Shannon's theorem proves that codes achieving arbitrarily small error at rate R < C exist, but the proof is non-constructive: it shows existence by averaging over random code books, not by building a code. Explain in your own words why this matters practically, and describe what the gap between Shannon's existence proof and a working error-correcting code requires engineers to solve.

The Problem with Definitions

Hamming used information theory to make a larger methodological point: initial definitions determine what you find, more than most people realize.
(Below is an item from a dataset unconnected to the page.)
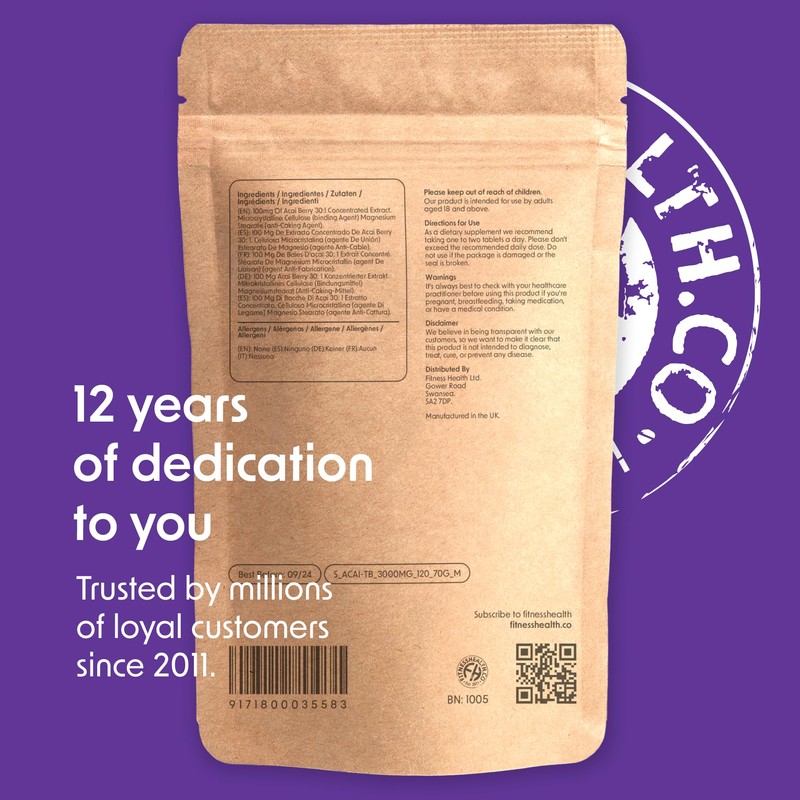 Fitness Health ACAI Berry 3000MG Tablets (120 Tablets) | High Strength 3000mg Berries Extract | Acai Berry Fruits Extract Supplements | | Boost Cognition, Heart & Brain Health | Vegan & Easy Swallow

Shannon chose to define 'information' as surprise. That definition was productive for communication engineering. But it imported a specific scope — machine-like systems — into a word ('information') that suggests universal applicability.

The fishing net analogy: a net with 6-inch mesh catches only large fish. The fisherman concludes: minimum fish size is 6 inches. The conclusion reflects the tool, not the world.

IQ as a parallel: a test designed to measure 'intelligence', calibrated to produce a normal distribution, then used to define intelligence. The tool shapes the concept.

Hamming's recommendation: whenever you encounter a definition, ask (1) how much does it agree with your prior intuition? (2) how much does it distort? (3) under what conditions was it framed? (4) is it being applied now under different conditions?

Apply Hamming's four-question critique to Shannon's definition of information. For each of the four questions, give a specific answer that shows you have engaged with both the definition and its limits.